Dixon fa un eccellente lavoro sulla caratterizzazione di Dick che da rampollo di Bruce Wayne diventa un ragazzo umile, che vive con il proprio lavoro, in una casa propria.
Ma in questo volume è eccellente anche la trama e il thriller che ci sono alla base. L’elemento investigativo non viene trascurato e Dixon ci ricorda quanto Dick sia un ottimo detective, non semplicemente riferendolo, ma mostrandoci strategie e ragionamenti deduttivi sul campo.
Nigtwing ragiona, mette insieme i pezzi del puzzle e lo fa in un ambiente ostico, nuovo, oscuro, misterioso, in cui non ha contatti. Non c’è un Jim Gordon, sulla polizia non si può fare affidamento, non esiste ancora una valida rete di informatori e la città è allo sbando. Ha solo se stesso, si farà dei nuovi amici, e nuove amiche.

Finchè resterà a Bludhaven, Robin sarà sotto la mia responsabilità. Lui è la mia famiglia. La cosa più vicina ad un fratello che potrò mai avere.

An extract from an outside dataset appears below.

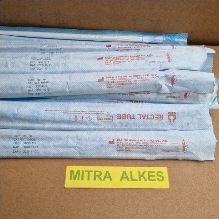 Spesifikasi : 1. Ujung kerucut kateter yang halus memudahkan pemasangan ke dalam rektum (atraumatik) 2. Dua mata lateral untuk drainase yang efisien 3. Konektor ujung proksimal bentuk corong untuk memudahkan koneksi ke peralatan penghisap 4. Konektor kode warna untuk idetifikasi ukuran yang mudah dan tepat 5. Material PVC mutu medis dan tidak menyebabkan iritasi (siliconized latex) 6. Panjang tube : 400 mm / 40 cm
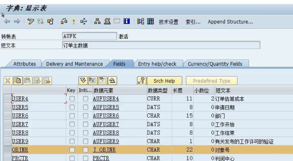 - 通过订单主数据表AUFK,获取到OBJNR字段

Nightwing è anche un guerriero di pregiata fattura come fa notare il novello Robin.
È da notare per altro quanto sia bello il rapporto che si viene a delineare (e tornerà in altre storie evolvendosi ancora di più in maniera positiva) tra i due “alati” di Batman: Tim è diverso da Dick, è più riflessivo, pacato. Dick è estroverso, perché figlio delle arti circensi. Ma fra Dick e Tim non c’è rivalità. C’è stima, rispetto, e affetto fraterno.

Insomma un grande lavoro di Dixon, sostenuto (bisogna dirlo) da un McDaniel in gran forma capace di valorizzare gli aspetti dinamici del personaggio (non credo che ci sia un altro disegnatore che potrebbe farti capire così bene con una sola tavola quanto Dick Grayson sia un circense!!!) come quelli più oscuri della trama con delle ambientazioni forti, degradate, fumanti, sporche…come lo è la Bludhaven che Nightwing vuole proteggere.

Se si crede che la DC comics sforni solo delle icone, questo è l’albo giusto per ricredersi. Nightwing non è solo un’icona. È uno di noi. Si butta senza rete verso i problemi di tutti i girorni e i super-problemi dei supereroi. E lo fa con un sorriso.